Construction of vector pIL07
As described [20]. The pIL07 plasmid was made from the pUC19 subcloning vector for the purpose of isolating ARSs. S. cerevisiae LEU2 gene was PCR amplified with primers containing XbaI sites, digested and ligated into the XbaI site in pUC19. URA3 and S. cerevisiae CEN5 were cloned similarly into the EcoRI and HindIII sites respectively. The BamHI site used for screening ARS fragments is located between the divergently transcribed URA3 and LEU2 genes. Full sequence of this vector is available upon request.
Construction of L. kluyveri Genomic Libraries
Genomic DNA from the sequenced diploid FM479 strain of L. kluyveri was isolated using standard methods.

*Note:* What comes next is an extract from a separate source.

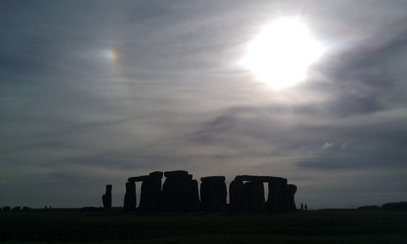 Photograph of a Sun dog at Stonehenge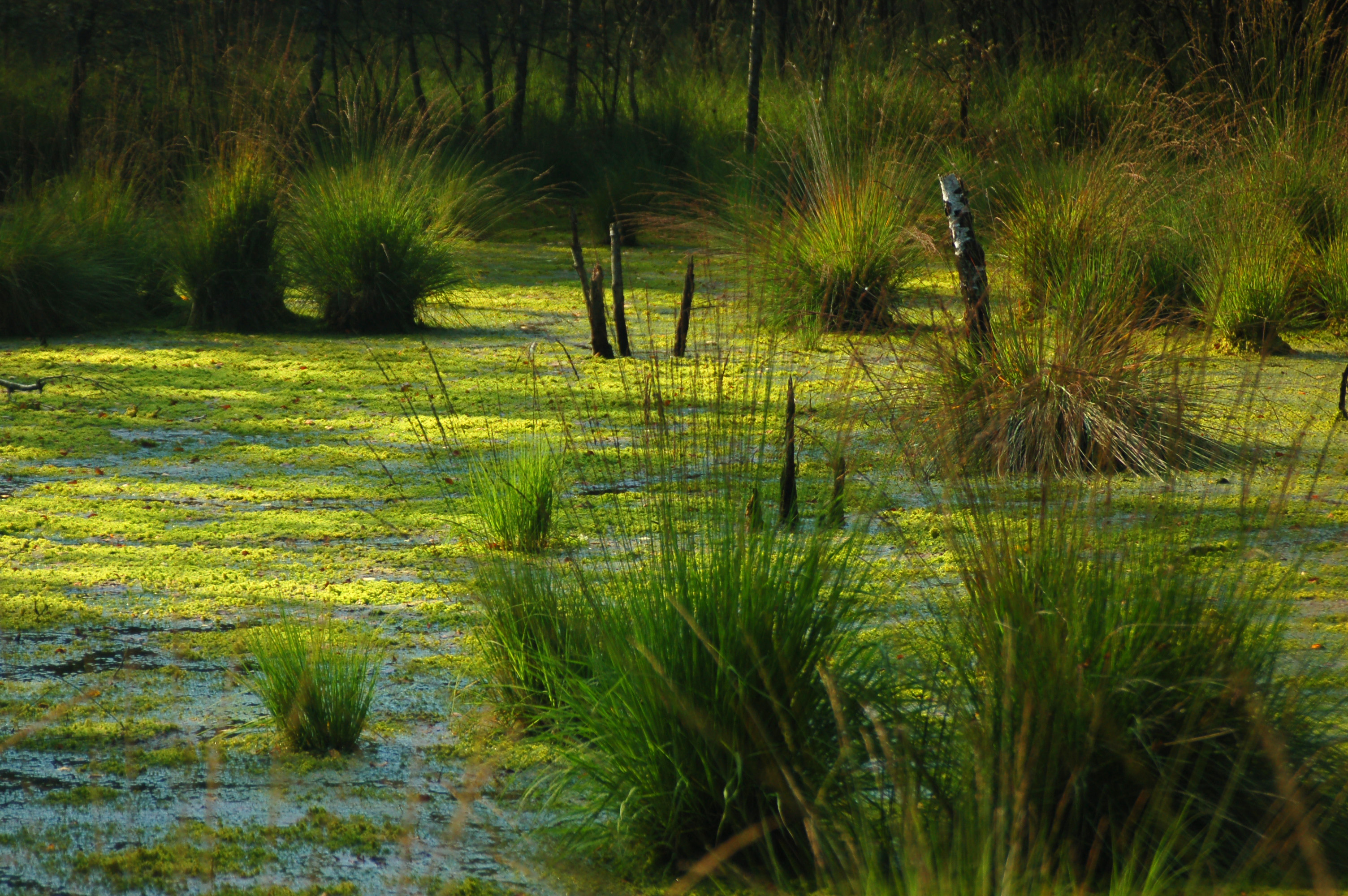 Lütt-Witt Moor, Henstedt-Ulzburg, Germany.

Cells were broken using glass bead lysis and the genomic DNA was separated from mitochondrial DNA using a standard CsCl gradient protocol. Following the gradient, DNA was precipitated with 75% ethanol and resuspended in water. Prior to library construction, the DNA was digested with MboI and treated with Antarctic Phosphatase (New England Biolabs) to prevent the multimerization of genomic fragments. The digested insert DNA was ligated into the unique BamHI site in the pIL07 vector [20] using T4 DNA Ligase (New England Biolabs). The ligation reaction was purified using a PCR Purification Kit column (QIAgen) and redigested with BamHI to linearize all empty pIL07 molecules. The resulting reaction was used to transform chemically competent E. coli cells using standard methodology. In order to estimate library coverage we performed colony PCR on a 24 E.coli colonies containing plasmid clones from a set of transformation reactions. The primers used (IL325, IL326, see below) anneal to the vector sequence flanking the cloned inserts and the amplified products were analyzed by agarose gel electrophoresis to determine cloning efficiency and insert sizes. The insert sizes ranged from ~50 bp to > 2 kbp with an average length of 350 bp. Cloning efficiency ranged from 50%/reaction to 80%/reaction. Each plate of E.coli colonies covered an average of 75 kb of genomic DNA. Each plate was scraped separately to pool the E.coli colonies, and plasmids were extracted using the Wizard Plus SV Miniprep Kit (Promega) prior to yeast transformation.
Screening of L. kluyveri Libraries for ARS Activity
The plasmid libraries were used to transform a ura3 auxotrophic L. kluyveri strain FM628 using a standard Lithium Acetate protocol [55] and plated on medium lacking uracil to select for ARS function. One yeast colony per library transformation was re-streaked onto fresh plates and subsequently grown in culture medium lacking uracil to enrich for the ARS bearing plasmid. The plasmids were isolated from yeast using a modified DNA extraction protocol. 2 mL of culture was pelleted and resuspended in 500 μL of a buffer consisting of 1 M sorbitol, 0.1 M EDTA, 1 μL/mL β-mercaptoethanol, and 0.5 mg/mL Yeast Lytic Enzyme (VWR, catalog # IC360951). The suspension was incubated at 37 degrees for 1 hour. The treated cells were pelleted and processed using the Wizard Plus SV Miniprep kit (Promega). 5 μL of the resulting eluate was used to transform E. coli and transformants were miniprepped to isolate the ARS-bearing plasmid. A small sample of each plasmid was used to re-transform FM628 to confirm ARS function. Confirmed ARS plasmids were sequenced using primers IL325 (5'-GCCAAACAACCAATTACTTGTTGAGA-3') and IL326 (5'-TTCGTTGCTTGTCTTCCCTAGTTTC-3') from both ends of the ARS fragment. All Lk ARSs identified are listed in Additional File 3.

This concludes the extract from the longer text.